Подошли и стали крутиться возле крыльца два жучка – сквозь дыры в запахнутых бушлатах у них проглядывало голое тело. «Дяденька, дай сахару. Миленький, дяинька, в рот ты стеганный. Дай консерву». Зубы у них стучали от холода, оба приплясывали. Ларешник – ноль внимания.

Поздно вечером его подкараулили, взяли с двух сторон за руки, сзади третий обнадежил пинком в зад. Ларешник был высокий костлявый человек. Он попытался стряхнуть висевших на нем. Спустя некоторое время его втащили в секцию.

Там никто не спал. Когда в сенях отворилась дверь, оттуда раздался звериный вой: пятьдесят блатных, обливаясь слезами, пели каторжные куплеты – заупокойный гимн. Наверху, на верхних нарах, трясло лохмотьями, чесалось, грызлось и копошилось то, что на языке наших мест называлось коротким словом «шобла». Внизу сидели иерархические чины: Маруся, Хивря, слюнявый и гнилоглазый Ленчик по прозвищу Сучий Потрох и другие именитые люди.

Это был легендарный Курский вокзал, и так же, как не существовало лагпункта без начальников частей, надзирателей, стрелков, без духовного пастыря – начальника КВЧ, оперативногоуполпомоченного и начальника-самодержца, без единого, учрежденного раз навсегда порядка властей, чинов и подчиненностей, – точно так же невозможно было во всем Чурлаге найти подразделение, где бы не было рядом с официальной иерархией начальства иерархии воров, изнутри управлявшей лагпунктом.

У стены, прямо напротив входа, между нарами, стояла генеральская койка, застеленная тремя одеялами; вся стена над ней была оклеена картинками из журналов, серебряными и пестрыми бумажками и лоскутками цветной материи, а над изголовьем были распялены на гвоздочках большие и пыльные крылья птиц. На одеялах сидел Вересов, подвернув под себя ноги с жирными ляжками. На груди у Вересова висел оловянный крест, а в руках он держал гитару.

К нему подвели ларешника. Пение стихло.

«Тебе чего, землячок?» – ласково сказал Вересов, точно он ни о чем не знал. И, склонив набок голову, стал перебирать струны. Тут кто-то, подкравшись сзади, съездил ларешника по хоботу; ларешник обернулся и увидел вихляющуюся спину, спокойно удалявшуюся к дверям, Человек подтягивал на ходу заплатанные порты.

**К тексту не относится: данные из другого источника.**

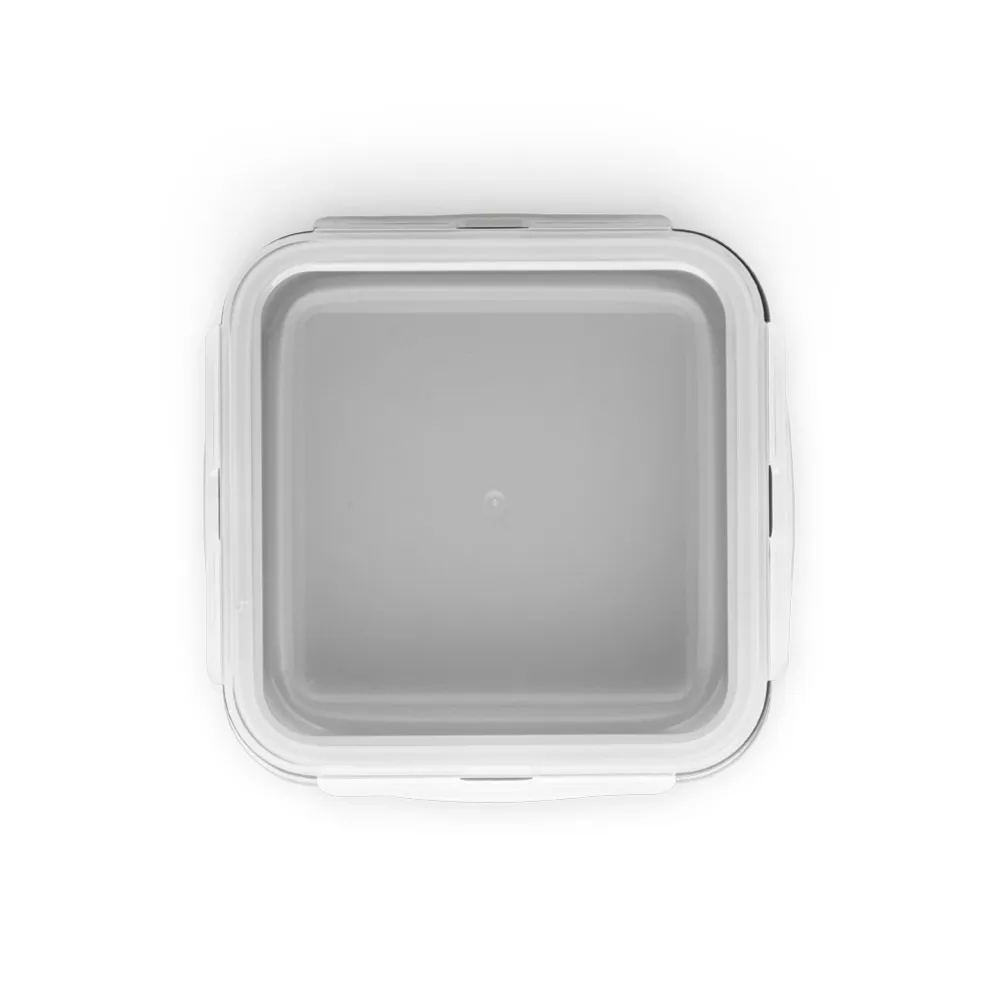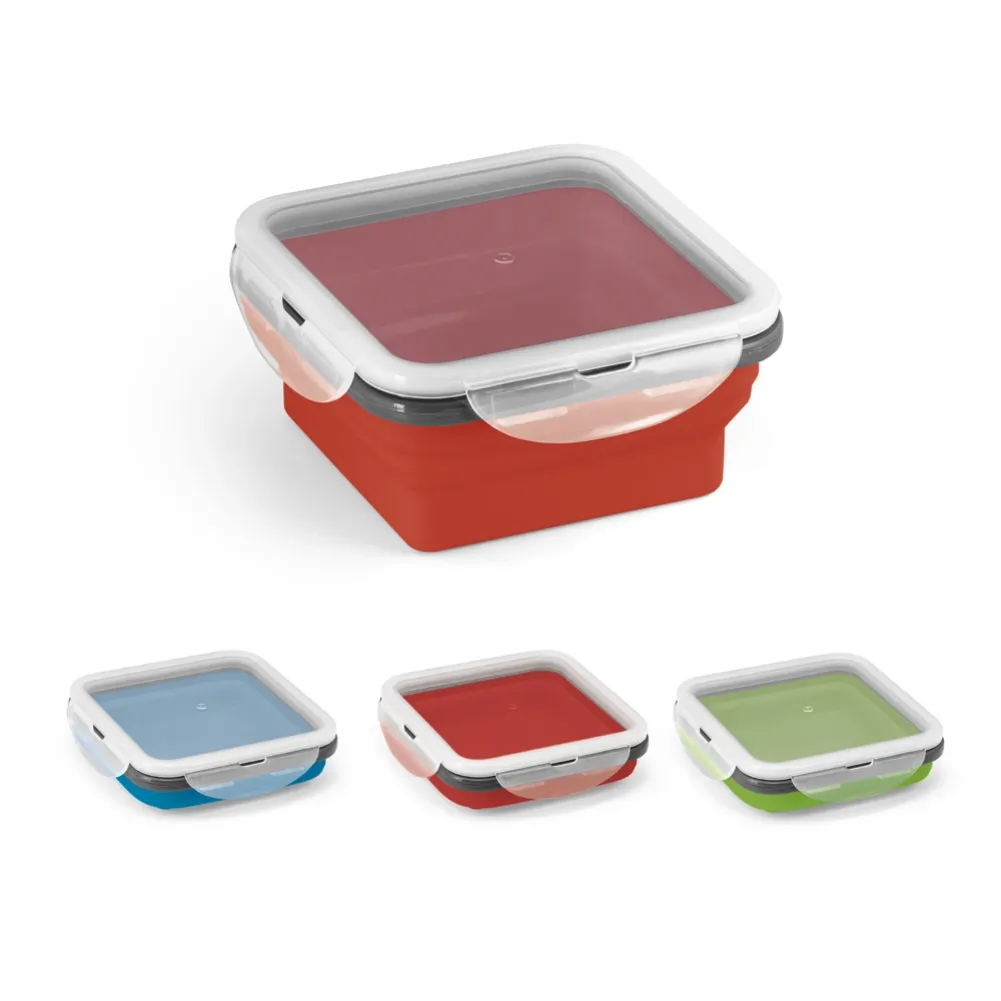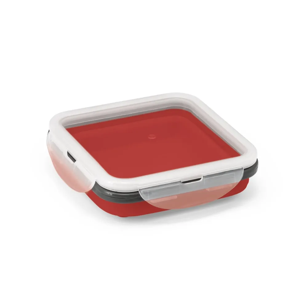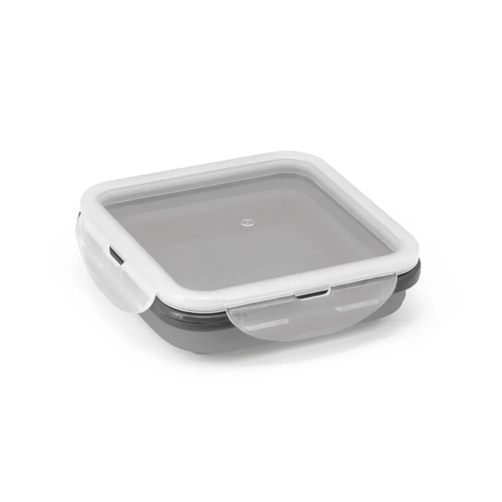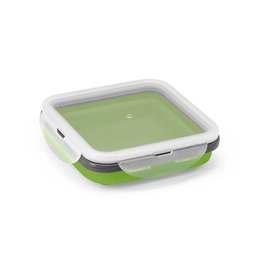 Marmita retrátil em silicone e PP com 1 compartimento e capacidade até 580 mL. Apta para microondas (retirar a tampa). Certificação EU Food Grade. 138 x 138 x 64 mm | Dobrada: 138 x 138 x 34 mm
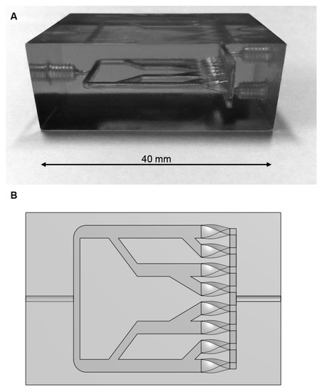 A custom mixing cell was developed, as a thorough analysis of the analyzers fluidics had revealed that the fluidics flow resistance was on the upper limit of the pumps’ specifications. The traditional mixing coil (a long piece of coiled tubing) was then replaced by the 3D-printed PMMA mixing cell (Figure 2). The mixer design is based on a multilaminar concept, expanding the contact surface of the two fluid streams by splitting them up in eight streams before combining them again. A CFD (computational fluid dynamics) simulation was used to optimize the design for thorough mixing, low fluidic resistance, and low dead volume. The latter is a disadvantage of any mixer design compared to the mixing coil, as it cannot be completely avoided. The tests of the mixer in the analyzer (e.g., as shown in Section 4.1 when switching between blank and standard solutions) showed a sufficiently fast response, so that the new mixer design was used for operation.
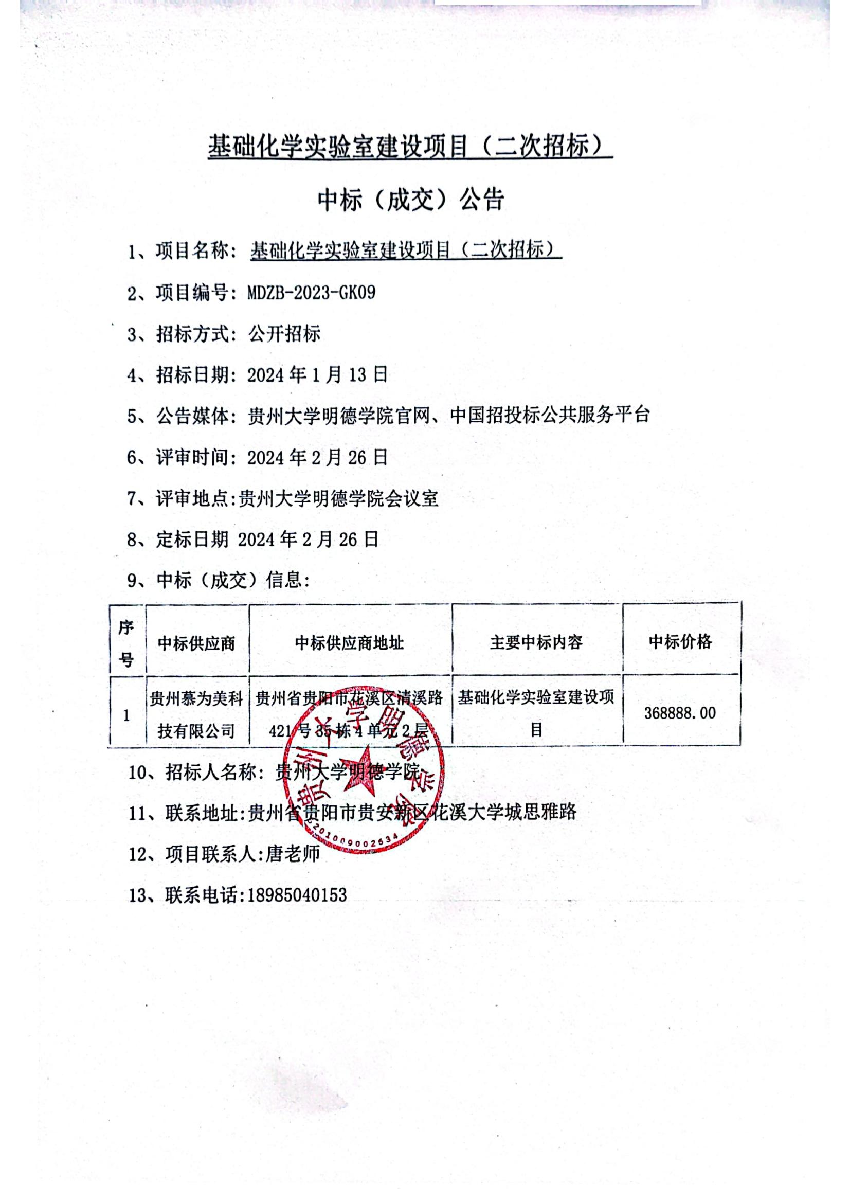 贵州大学明德学院基础化学实验室建设项目(二次招标)中标(成交)公告

У порога он вдруг остановился, плеснул в ладоши и – тата-тата-тата-та!» – пошел задом, трясясь и воздев руки, дробя чечетку. На лице танцора застыло выражение экстатической мертвенной радости. Так он дошел, трясясь и обшлепывая себя, до койки генерала. Тот пнул его в тощий зад: «В рот стеганный!» Человек комически охнул, скосоротился и ползком убрался под нары.

«Ша! – квакнул Вересов. – Чтоб мне было тихо. – И ларешнику кротко: – Землячок, приближься».

Все замолчало. Генерал играл на гитаре. Он играл и пел сиплым утробным голосом: «Прощай, Маруся дорогая!» Чины изобразили на лицах сумрачную думу. Шобла благоговейно слушала.

Генерал рванул струны. Песня оборвалась.

«Та-ак, – сказал он раздумчиво и впервые удостоил пленника пристальным взглядом с головы до ног. – Так, – цыкнул в сторону длинной слюной. – Это как же, земляк, получается? Нехорошо, в рот меня стегать. Некультурно!»

Ларешник ничего не ответил. Генерал поерзал задом, устраиваясь поудобней.

«Ишь, сука, ряшку наел, – заметил он. – Подлюка, пес смрадный… Забыл, с-сука, – голос генерала окреп, – кто тебя кормит? Тебя, хад, народ кормит, трудящие массы. На ихнем хоботе сидишь! А ты сахару пожалел. Выходит, им с голоду помирать, да?»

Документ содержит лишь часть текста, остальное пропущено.